BANYUWANGI | global.i-news.site – Puncak arus balik H+7 Lebaran 2026 di lintasan penyeberangan Ketapang-Gilimanuk membludak, dengan kendaraan yang akan menyeberang didominasi pemudik sepeda motor dan mobil pribadi. Hal ini menyebabkan kemacetan di area pelabuhan Ketapang dan sekitarnya.
sejak pukul 08.00 WIB, ratusan pemudik sepeda motor terus datang dari arah selatan (Jember-Banyuwangi) dan utara (Situbondo-Banyuwangi), memenuhi pintu perlintasan otomatis sepeda motor. Kendaraan roda empat juga tampak memenuhi area parkir utama pelabuhan dan jalur masuk dermaga.

General Manajer PT Indonesia Ferry (Persero) Cabang Ketapang, Arief Eko menyampaikan dari 32 kapal feri yang beroperasi pada puncak arus balik hari ini, 18 armada kapal di antaranya diterapkan skema tiba bongkar berangkat atau TBB untuk mengurai kepadatan kendaraan roda empat (mobil pribadi) dan sepeda motor termasuk kendaraan truk logistik.
“Yang beroperasi dengan pola TBB di Dermaga MB-IV ada empat unit, di LCM 11 unit, sedangkan di Dermaga Bulusan ada tiga unit kapal feri yang menerapkan TBB,” kata dia di Pelabuhan Ketapang, Banyuwangi, ungkapnya

Salah seorang pemudik asal Lumajang, Sri Rahayu, mengatakan harus menghabiskan waktu hampir dua jam untuk mencapai area parkir pelabuhan, mulai dari pertigaan SPBU Farly Ketapang (1,2 km dari pelabuhan), karena diarahkan melalui jalan lingkar untuk menghindari kemacetan di jalan arteri depan pintu masuk pelabuhan.
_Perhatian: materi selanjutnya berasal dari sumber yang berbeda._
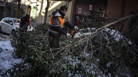 Un trabajador subcontratado de urgencia por el Ayuntamiento de Madrid corta las ramas de un árbol caído tras el paso de Filomena por el distrito de Usera, Madrid, este miércoles.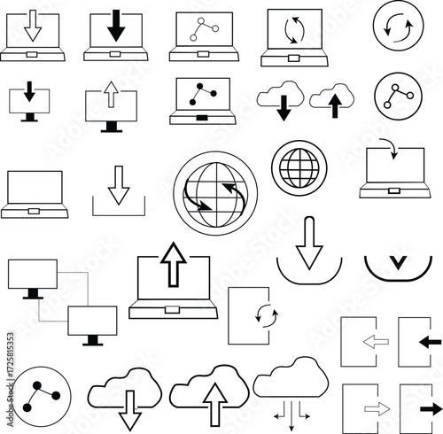 Drone quadcopter or unmanned aerial vehicle icon set. Vector flat isometric illustration isolated on white background.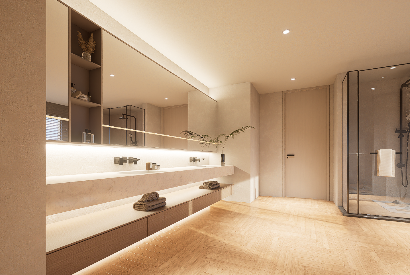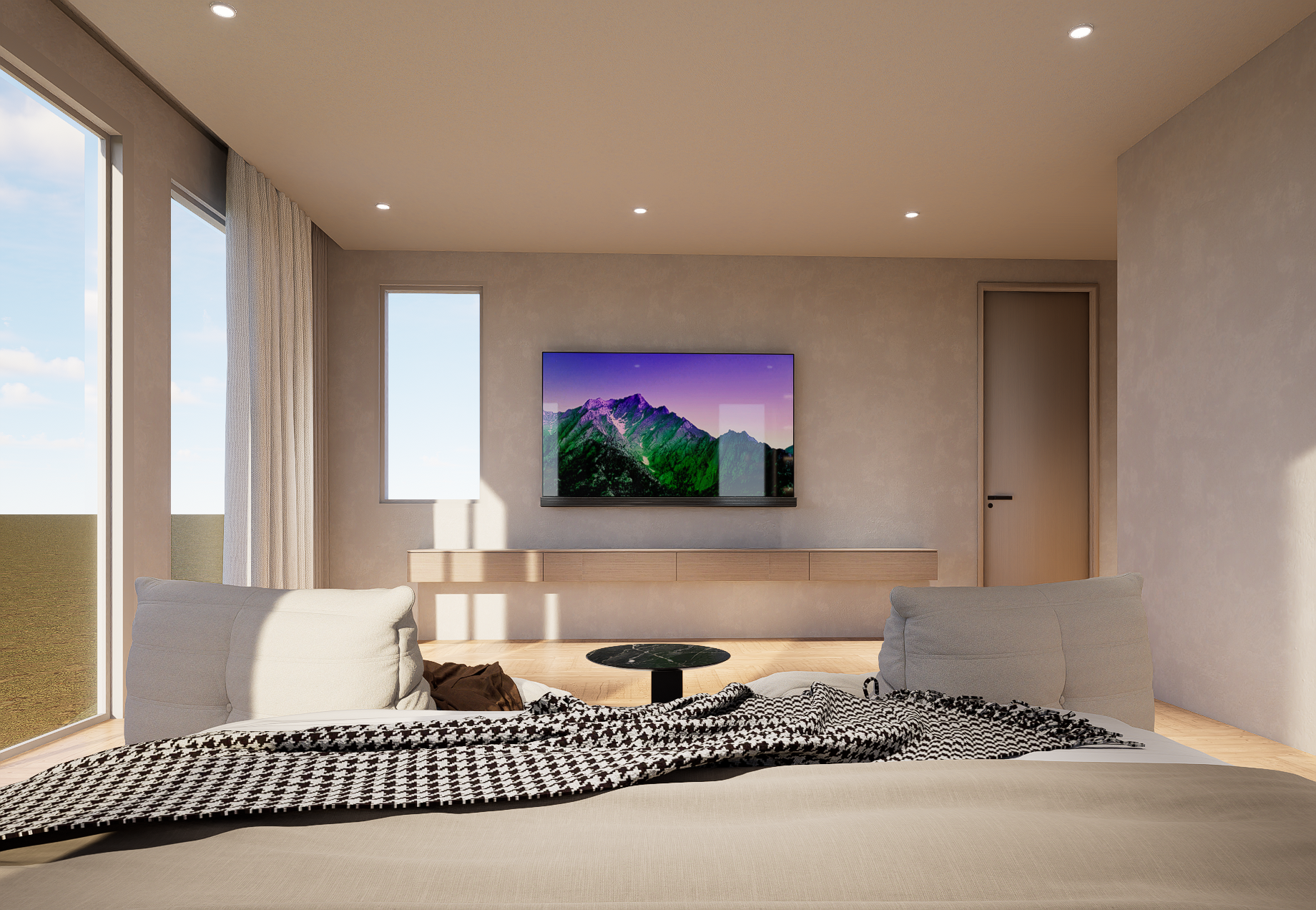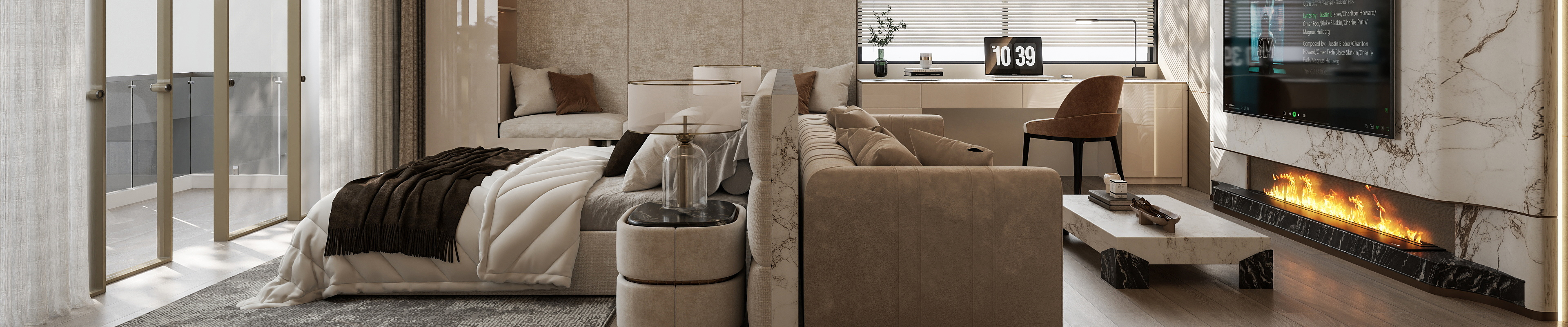 Light-Luxury Master Bedroom Interior with Integrated System

Selain itu, sejak dini hari, ratusan truk logistik yang akan menyeberang ke Gilimanuk juga tertahan dan antre hingga 12 jam. Hingga pukul 05.15 WIB, antrean truk mengular dari Terminal Sri Tanjung hingga depan pintu masuk pelabuhan, karena buffer zone di Bulusan penuh. Namun, pada pukul 10.00 WIB, antrean truk mulai terurai secara bertahap.
Sebelumnya, PT ASDP Indonesia Ferry (Persero) telah memperkirakan puncak arus balik terjadi pada tanggal 28-29 Maret. Corporate Secretary ASDP, Windy Andale, menyebutkan bahwa pada Jumat (27/3), sebanyak 43.052 penumpang, 7.289 sepeda motor, dan 4.507 mobil pribadi menyeberang dari Jawa ke Bali, jumlah yang sedikit turun dibanding hari sebelumnya.
“Kami terus berkoordinasi dengan regulator (KSOP, BPTD) dan kepolisian untuk kelancaran arus balik penyeberangan Ketapang-Gilimanuk,” kata dia.
Dari pantauan, global .i-news.site arus balik H+7 Lebaran 2026 pada hari ini yang tiba di Pelabuhan Ketapang didominasi pemudik sepeda motor, dan disusul pemudik kendaraan roda empat (mobil pribadi).
Bahkan, membludaknya pemudik sepeda motor yang akan menyeberang ke Pelabuhan Gilimanuk (Bali) melalui Pelabuhan Ketapang (Banyuwangi), ASDP Ketapang harus menggunakan pintu tiket kendaraan roda empat, karena tolgate sepeda motor penuh antrean sepeda motor.